Compartmentalization of reservoirs in operating fields is commonly caused by sealing of faults (Cerveny et al., 2004; Davies and Handschy, 2003;Davies et al., 2019; Knipe, 1992; Yielding et al., 1997; Yielding et al., 2010). Calibrating this seal, however, is difficult without adequate subsurface data. A local region across the central part of the Jasmine Field, Jasmine A, along the northern extent of the Pattani basin in the Gulf of Thailand, was selected in this study for detailed fault-seal analysis calibration. The objective was to present the details of the fill and spill history from a juxtaposition analysis across the faults. The large number of well penetrations with fluid and lithofacies data and the 3D models of mapped permeability distribution provided a subsurface framework to reduce the uncertainty and allow a more comprehensive analysis of the crossfault reservoir juxtaposition and fluid contact levels. Crossfault flow behavior and fill and spill history were evaluated by examining fluid contacts in a strike view of the fault, with the properties juxtaposed. The Jasmine Field is a narrow structural high that is cut by many NE-SW and NNW-NNE trending faults forming fault-bounded compartments. Reservoirs in the field are typically thin, stacked high-permeability fluvial sandstones of primarily Miocene age separated by thin shale beds that occur over a depth range of several thousand meters. Many of the sands have unique hydrocarbon-water contacts of oil or gas and water. Reservoir juxtaposition across the faults suggests that fault seal plays a major role in the trap. By comparing fluid contacts in each fault block, cases with different contacts across the fault likely represent a fault membrane seal. Contacts occurring at the same height suggest crossfault leakage.
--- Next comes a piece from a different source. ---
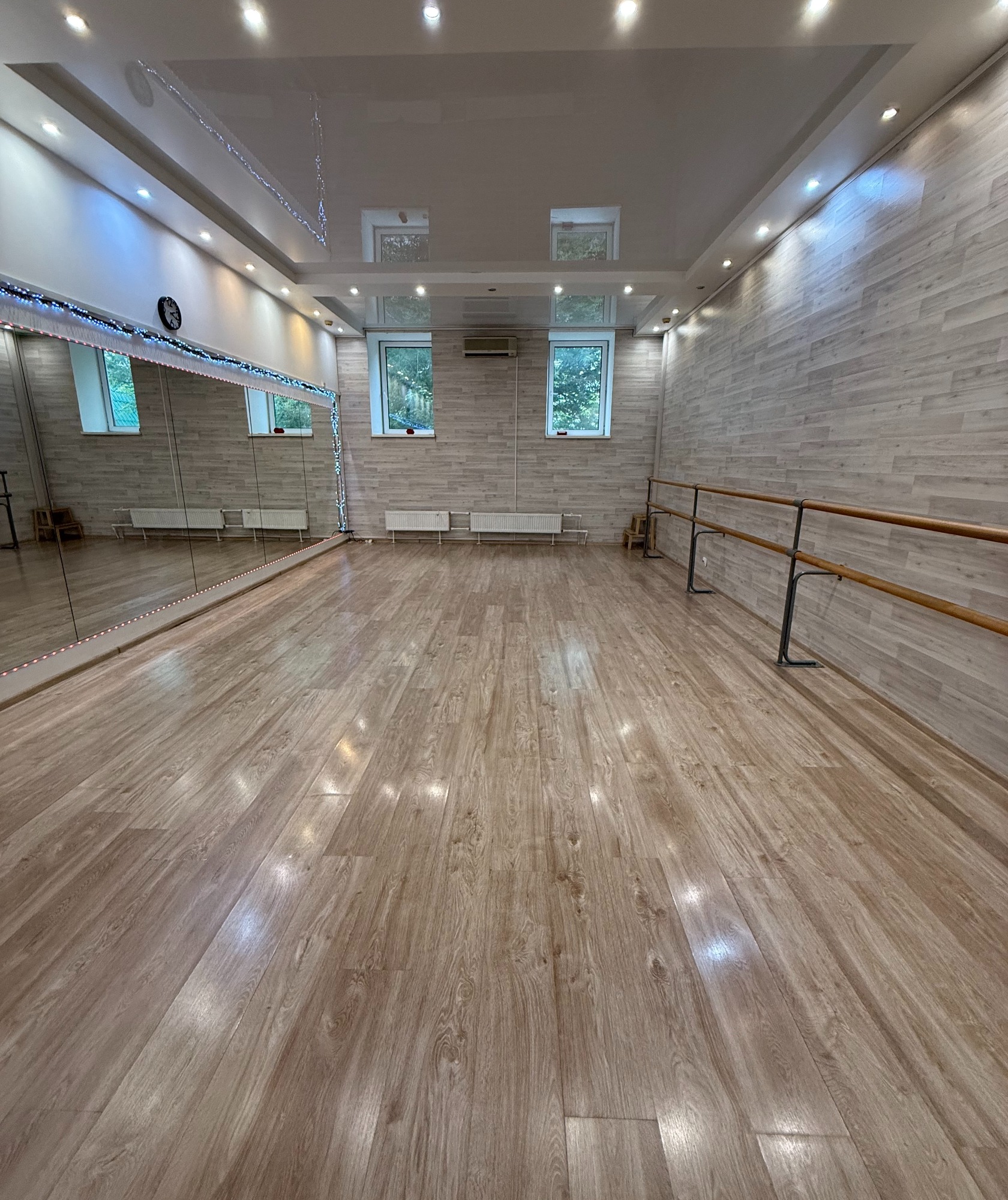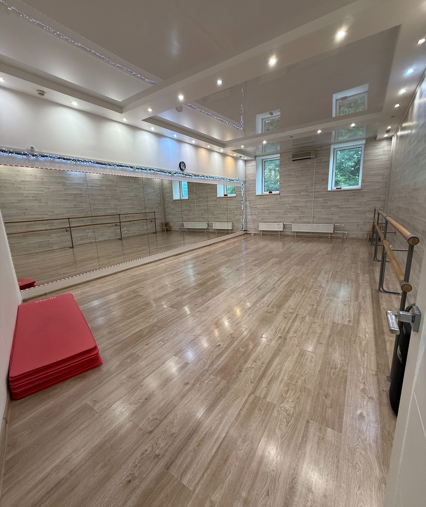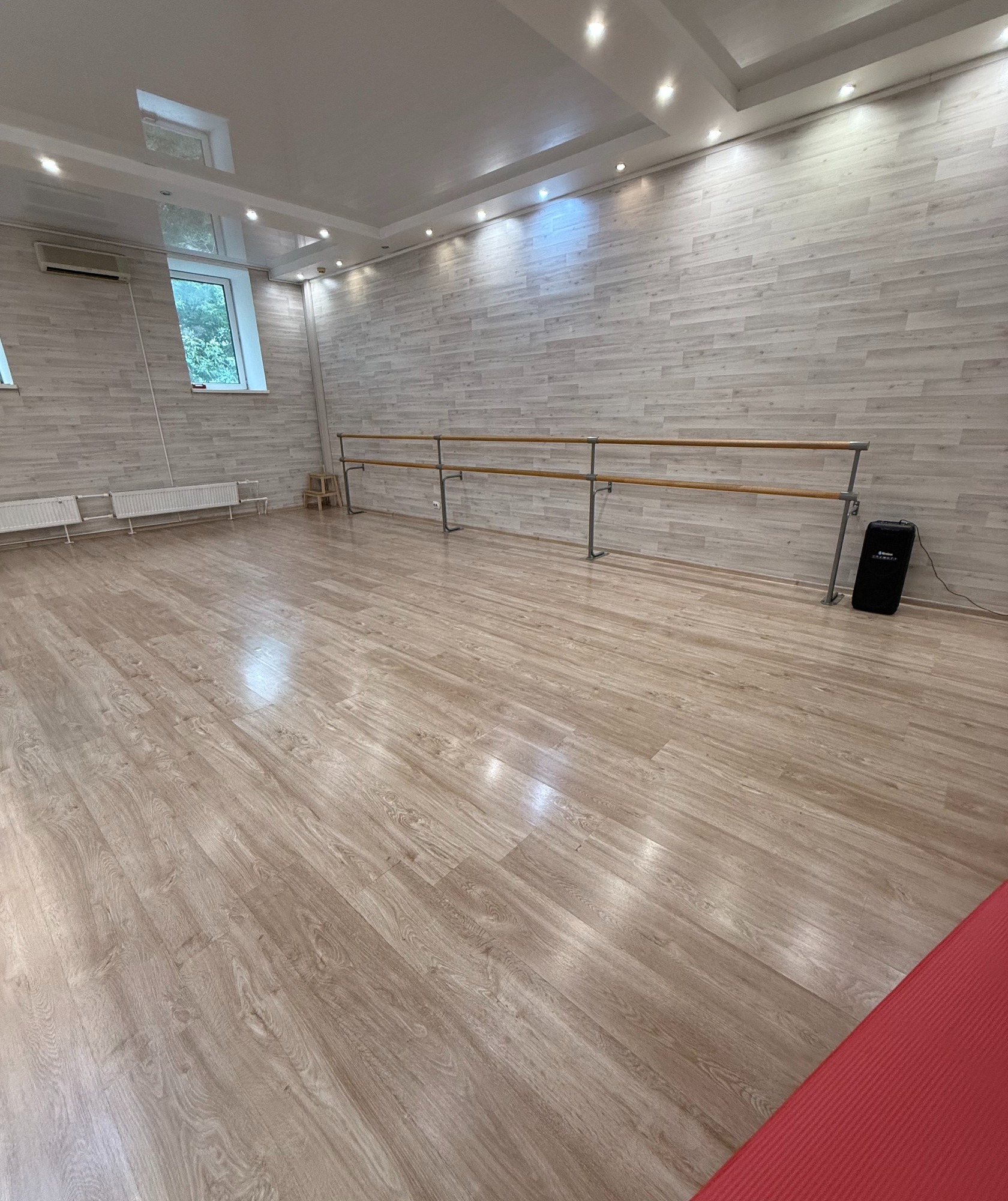 О площадке Танцевальный зал 60 м² — просторное и светлое пространство для занятий танцами, растяжкой и силовыми тренировками — Балетный станок на 9–10 человек — Музыкальный центр включён в стоимость — Коврики и дополнительный инвентарь предоставляются за отдельную плату — Вместимость зала — 10–12 человек, в зависимости от формата занятий

The evaluation was done by estimating permeability distributions across the fault. These results, however, were not adequately determined simply from the fluid contacts on either side of the fault: fill histories in adjacent fault blocks and lateral structural controls also had to be accounted for. The results together allowed a unique fill and spill history to be defined. The results of the juxtaposition analysis for the main faults bounding the local structural trap in Jasmine A provided a calibration for a 3D analysis of the faults, including estimation of fault-rock properties.